When to start taking benefits
Many Americans access Social Security benefits before Full Retirement Age (FRA). As a result, they face a permanent reduction of benefits by as much as 25% or more at age 62. A client with a full retirement age of 66 and entitled to $1000 a month at age 66, would get $750 a month with early retirement at age 62. Delaying Social Security until age 70 results in a $1,320 per month benefit. If a client is born after 1954 there will be a larger reduction for taking benefits early and a smaller cumulative increase in benefits when starting at age 70.
There are a number of factors to consider before claiming Social Security benefits. Unless in poor health or retiring with very limited resources, most people should consider if delaying claiming benefits would be to their advantage.
The Social Security Administration reports that 69% of those collecting benefits today started receiving benefits at or before their retirement age, which is age 66 for older Baby Boomers born before 1955. While filing early can make sense for some retirees, it may not make sense for the single retiree who expects to live a long life, or for a married couple if one of the spouses may be expected to live a long life. Filing for benefits early can significantly impact cumulative lifetime benefits. And it affects not just the worker’s benefits but spousal and survivor benefits as well.

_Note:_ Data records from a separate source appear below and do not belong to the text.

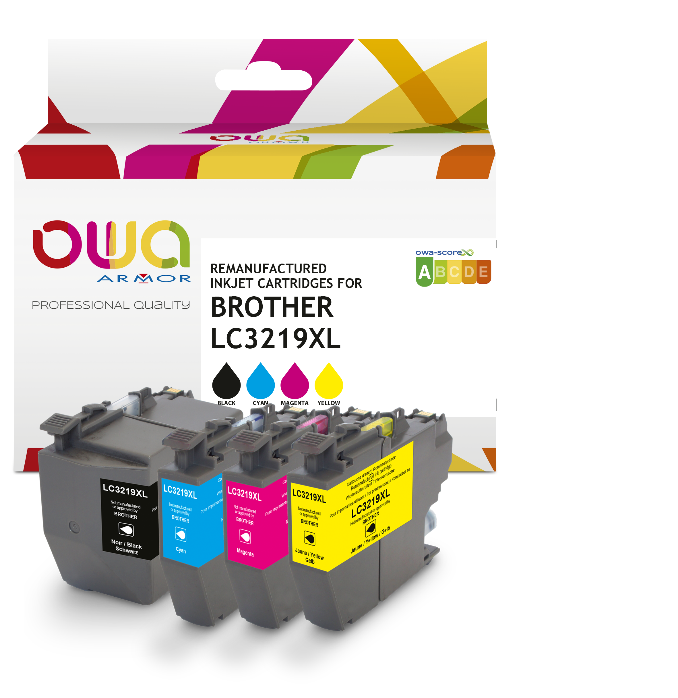 Pack de 4 cartouches d'encre remanufacturées OWA - haute capacité - Noir Cyan Magenta Jaune - pour BROTHER LC-3219XLBK, LC-3219XLC, LC-3219XLM, LC-3219XLY
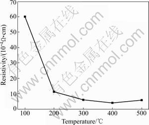 Fig.2 Dependence of resistivity of GZO/AZO(1:1) multilayer thin films on substrate temperature
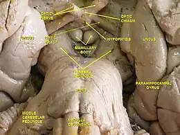 Le chiasma optique est la partie du cerveau où les deux nerfs optiques se croisent. Chaque rétine est divisée en deux hémirétines (une nasale interne et une temporale externe), les voies optiques des hémirétines nasales subissant une décussation (changement de côté) au niveau du chiasma[1].
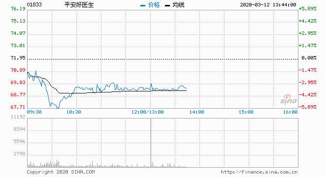 平安好醫(yī)生(01833) 69.30元 跌3.68%
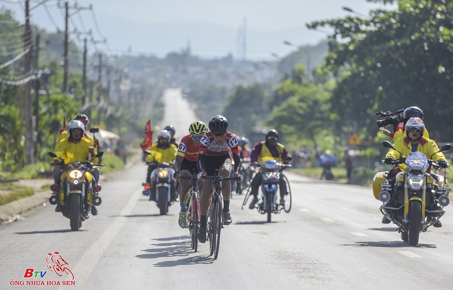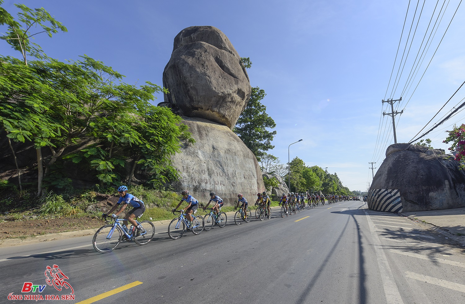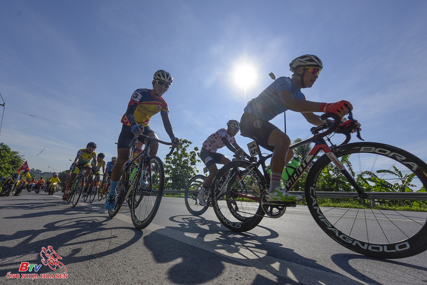 Dưới thời tiết nắng gắt, các tay đua nỗ lực hết mình để hoàn thành chặng cuối của Giải đua có lộ trình 133km
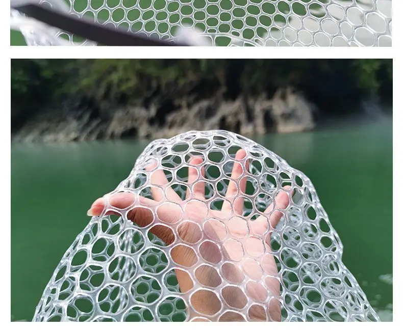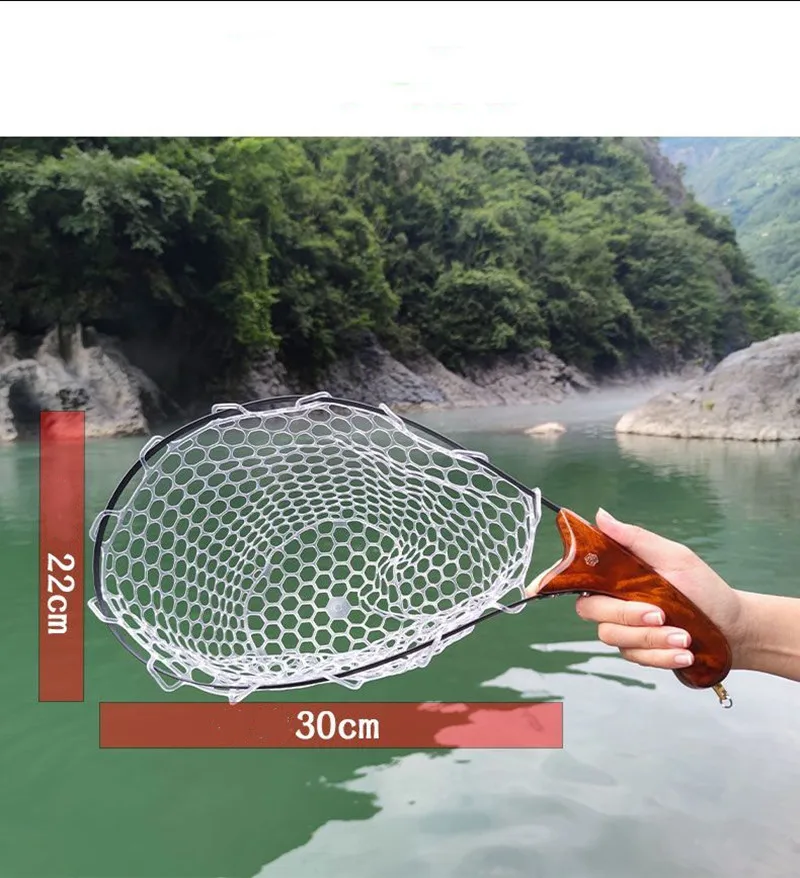Red portátil de mano para pesca con mosca, señuelo plegable con mango de madera maciza, para exteriores

Filing early, for well-to-do clients, might impact the legacy they leave. Filing early, for clients with more modest means, could put added pressure on their other assets to provide lifetime income. Retirees should base their claiming date on an analysis that will allow them to balance their projected benefits with their objectives in retirement.
Restricted filing for married individuals
Restricted filing is alive and well for some people. Let’s look at an example of the difference that filing strategy can make. We’ll use a hypothetical married couple – Bob and Mary. Both are 66 years old and want to make a filing decision about Social Security. They are inclined to file when they both reach their full retirement age of 66, however, they would like to know more about other possible options.
After creating their own My Social Security web page, they know what their benefits will be at their full retirement age. Based upon their family history, they have a fairly good estimate of their chances of living long lives.
Because Bob and Mary were born on or before January 1, 1954 they are protected by a grandfather provision of the Bipartisan Budget Act – 2015.
In this example, Mary files on her own record. Because she has filed, Bob can now file a restricted application for a spousal benefit and receive benefits from Mary’s record. Bob can do this restricted filing because of his age.
At age 70 Bob will collect his full FRA benefit plus delayed retirement credits. Mary will continue to receive her benefit with cost of living increases each year. Should Bob die before Mary, this strategy could also provide a higher survivor benefit to Mary.
It is best to model this strategy and compare it to just taking benefits. Being informed about restricted filing can provide these clients with more choices about taking their benefits.
Remember that restricted filing is only available to a client born on or before January 1, 1954.
Restricted filing for divorced individuals
The same logic of restricted filing also applies to divorced individuals who meet the following criteria:
- Born on or before January 1, 1954
- Married 10 or more years and not currently married
- Ex-spouse is eligible to receive Social Security Retirement benefits
For divorced individuals, using the restricted filing strategy can make a significant impact on the size of their cumulative benefits over a lifetime.
Making an educated filing decision
With Social Security modeling, there is no one size fits all model. Each individual needs to look at his or her unique situation and make a decision that is right for them.
Remember individuals have one year to make a change in their filing decision. After one year, changes are very difficult if not impossible to do.